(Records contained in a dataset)
• • •

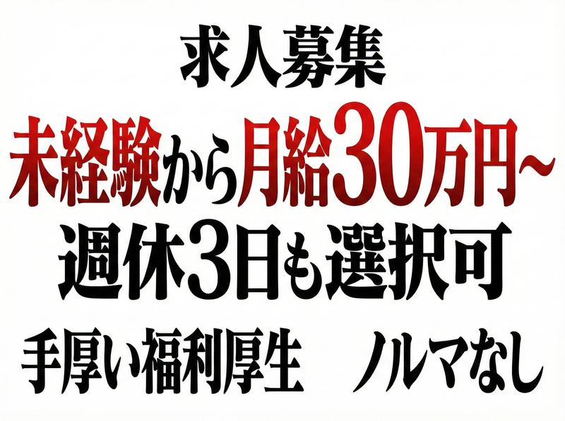 選考プロセス ✅ 条件を満たす方、全員と面接します! 以下の条件をクリアしている方は「面接確約」です。 ・普通自動車免許(AT限定可)をお持ちの方 ・45歳以下の方(長期勤続によるキャリア形成のため) ・応募時に履歴書・職務経歴書のデータ提出ができる方 ※書類はまずは簡易的なものでも構いません。 【選考の流れ】 ①応募 「簡単ネット応募」または「お電話」にて。 ②面接(1〜2回) これまでの経験よりも、あなたの「これから」を重視します。 リラックスして、理想の働き方についてお聞かせください。 ③内定・入社 入社時期は柔軟に相談に応じます。 お電話での直接応募・相談も受付中! 03-5856-9870(総合受付 9:30〜19:00) 「求人を見た」とお伝えいただくとスムーズです。
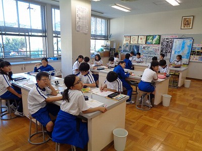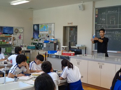 理科授業では「ものの温度と体積」学習です。今日は「冷やすと、どうなるのか」ということを実験で確かめてから、まとめ学習を行いました。頭で分かっていることも、実際に五感で確かめると、子ども達は大きく感動しています。体感することの大切さが伝わってきました。
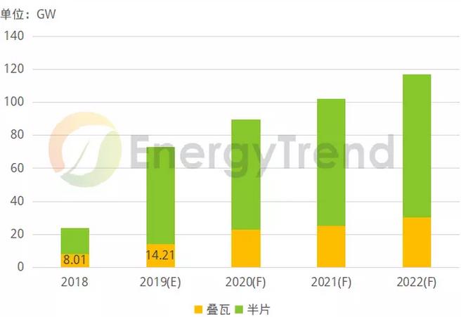 圖:2018年——2022年疊瓦與半片組件的產能預測
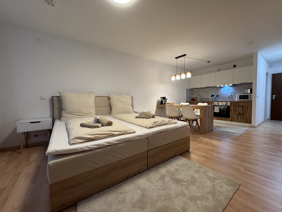 Aici, călătorii singuri sau cuplurile vor găsi un studio ideal. Mic, dar foarte confortabil . ! Este o cameră pentru living și dormit! Scufundă-te în lumea Pădurii Negre în apartamentul nostru recent renovat. Tavanul original vechi din grinzi din lemn emană confort rustic. Noua baie cu gresie retro se potrivește, de asemenea, perfect cu ambianța. De asemenea, ești binevenit să folosești sauna noastră (contra unei mici taxe) 1 noiembrie - 15 decembrie este 1x saună inclusă!
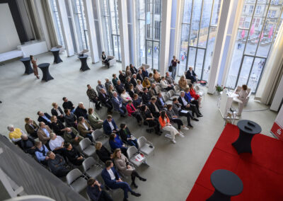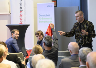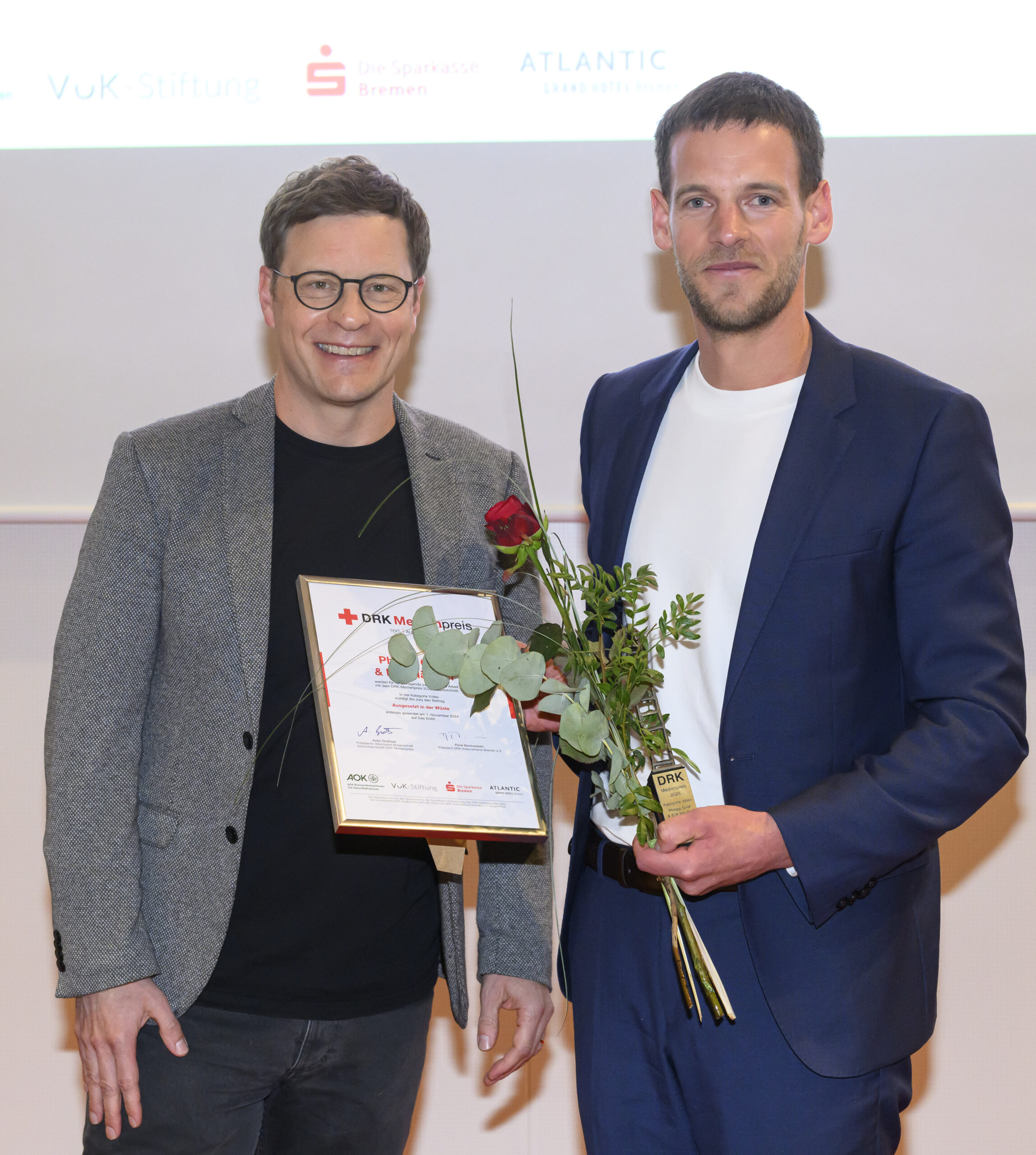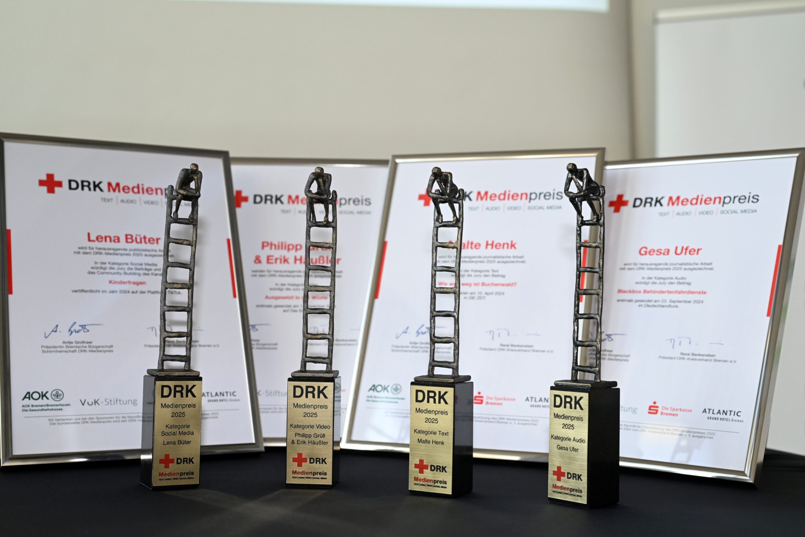 Das Deutsche Rote Kreuz (DRK) zeichnete am Abend des 1. Oktober vier herausragende journalistische Arbeiten in den Kategorien Text, Audio, Video und Social Media mit dem DRK-Medienpreis 2025 aus. Aus über 160 bundesweiten Einsendungen wählte eine neunköpfige Jury aus Bremer Medienexpert:innen die besten Beiträge aus, die aktuelle sozialpolitische Themen beleuchten und Menschen zeigen, die sich in unvorhergesehenen Lebenssituationen befinden. Im Rahmen der feierlichen Preisverleihung im Festsaal der Bremischen Bürgerschaft, moderiert von Kirsten Rademacher (buten un binnen/Radio Bremen), wurden im Beisein der Bürgerschaftspräsidentin Antje Grotheer sowie dem Vorstandsvorsitzenden des DRK-Kreisverbands Bremen, Bernd Blüm, die DRK-Medienpreise 2025 übergeben an: Malte Henk mit „Wie weit weg ist Buchenwald?“ (Kategorie Text), Gesa Ufer mit „Blackbox Behindertenfahrdienste“ (Kategorie Audio), Philipp Grüll und Erik Häußler mit „Ausgesetzt in der Wüste“ (Kategorie Video) sowie Lena Büter mit ihrem Kanal „lena.kinderfragen“ (Kategorie Social Media).
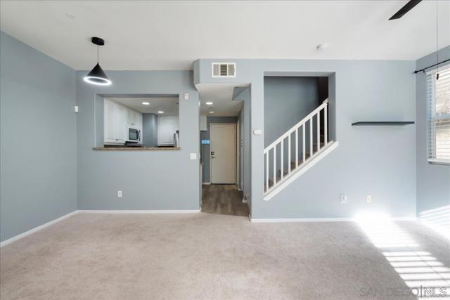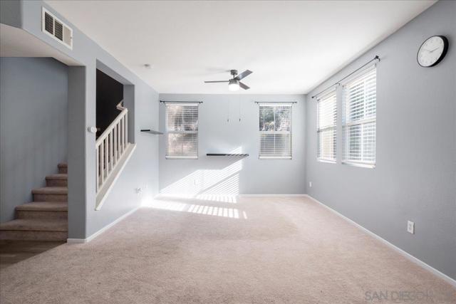 Experience comfortable and contemporary living at 841 Compass Way in the desirable Ocean View Hills/Otay Mesa community of San Diego. This well-maintained 3-bedroom, 2.5-bath home offers a bright open-concept layout with large windows, natural light, and a spacious living and dining area perfect for relaxing or entertaining. The modern kitchen features granite countertops, stainless steel appliances, generous cabinet storage, and a convenient breakfast bar. Upstairs, the primary suite includes a walk-in closet and private en-suite bath, while two additional bedrooms provide ample space for family, guests, or a home office. Additional highlights include central heating and air conditioning, an upstairs laundry room with washer and dryer included, and an attached 2-car garage with extra storage. The backyard offers a peaceful, low-maintenance outdoor space ideal for gatherings or quiet evenings. Located near major freeways including the 905, 805, and 125, this home provides quick access to shopping, dining, schools, parks, military facilities, and major employers. With its convenient location, modern features, and inviting atmosphere, this property is the perfect place to call home.
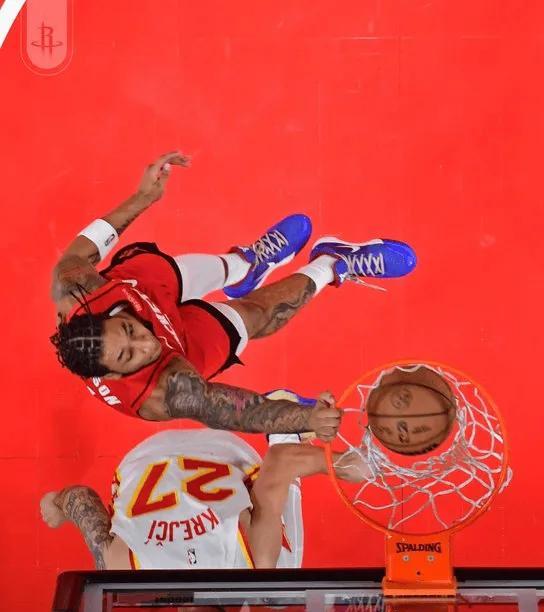 炸裂隔扣!火箭官方晒JD-戴维森隔扣克鲁伊奇的俯视视角图! 今日NBA季前赛,火箭133-115战胜老鹰。 第四节比赛,JD-戴维森无惧防守,单臂残暴隔扣克鲁伊奇。
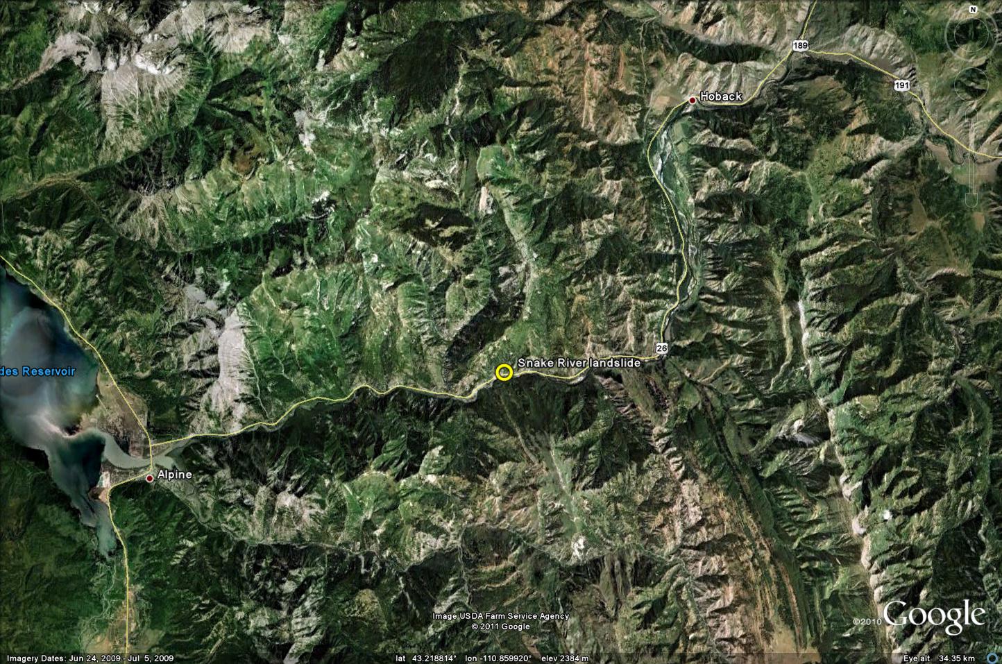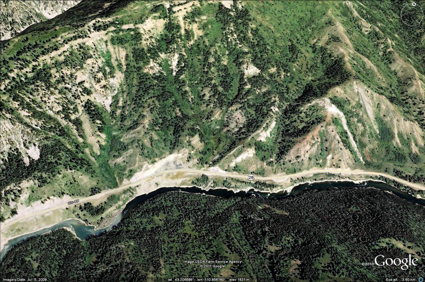 Jackson Hole is one of my faorite places so I have been in the Canyon many times, annualyl for the last 15 or so years. It appears the slide is several hundred yards up stream from a corner that gave the highway deaprtement fiits from the first time I went though there and hammered on rocks at that corner in class one day. The last construction seems to be holding, for now. With time that fix may not last forever because of the very local nature of the attitude of the rocks in that area,

• • •

Go from the first line of the data above to the line containing "Aici, călătorii singuri" and retype exactly those lines, both included, but none of the pictures.

 選考プロセス ✅ 条件を満たす方、全員と面接します! 以下の条件をクリアしている方は「面接確約」です。 ・普通自動車免許(AT限定可)をお持ちの方 ・45歳以下の方(長期勤続によるキャリア形成のため) ・応募時に履歴書・職務経歴書のデータ提出ができる方 ※書類はまずは簡易的なものでも構いません。 【選考の流れ】 ①応募 「簡単ネット応募」または「お電話」にて。 ②面接(1〜2回) これまでの経験よりも、あなたの「これから」を重視します。 リラックスして、理想の働き方についてお聞かせください。 ③内定・入社 入社時期は柔軟に相談に応じます。 お電話での直接応募・相談も受付中! 03-5856-9870(総合受付 9:30〜19:00) 「求人を見た」とお伝えいただくとスムーズです。
 理科授業では「ものの温度と体積」学習です。今日は「冷やすと、どうなるのか」ということを実験で確かめてから、まとめ学習を行いました。頭で分かっていることも、実際に五感で確かめると、子ども達は大きく感動しています。体感することの大切さが伝わってきました。
 圖:2018年——2022年疊瓦與半片組件的產能預測
 Aici, călătorii singuri sau cuplurile vor găsi un studio ideal. Mic, dar foarte confortabil . ! Este o cameră pentru living și dormit! Scufundă-te în lumea Pădurii Negre în apartamentul nostru recent renovat. Tavanul original vechi din grinzi din lemn emană confort rustic. Noua baie cu gresie retro se potrivește, de asemenea, perfect cu ambianța. De asemenea, ești binevenit să folosești sauna noastră (contra unei mici taxe) 1 noiembrie - 15 decembrie este 1x saună inclusă!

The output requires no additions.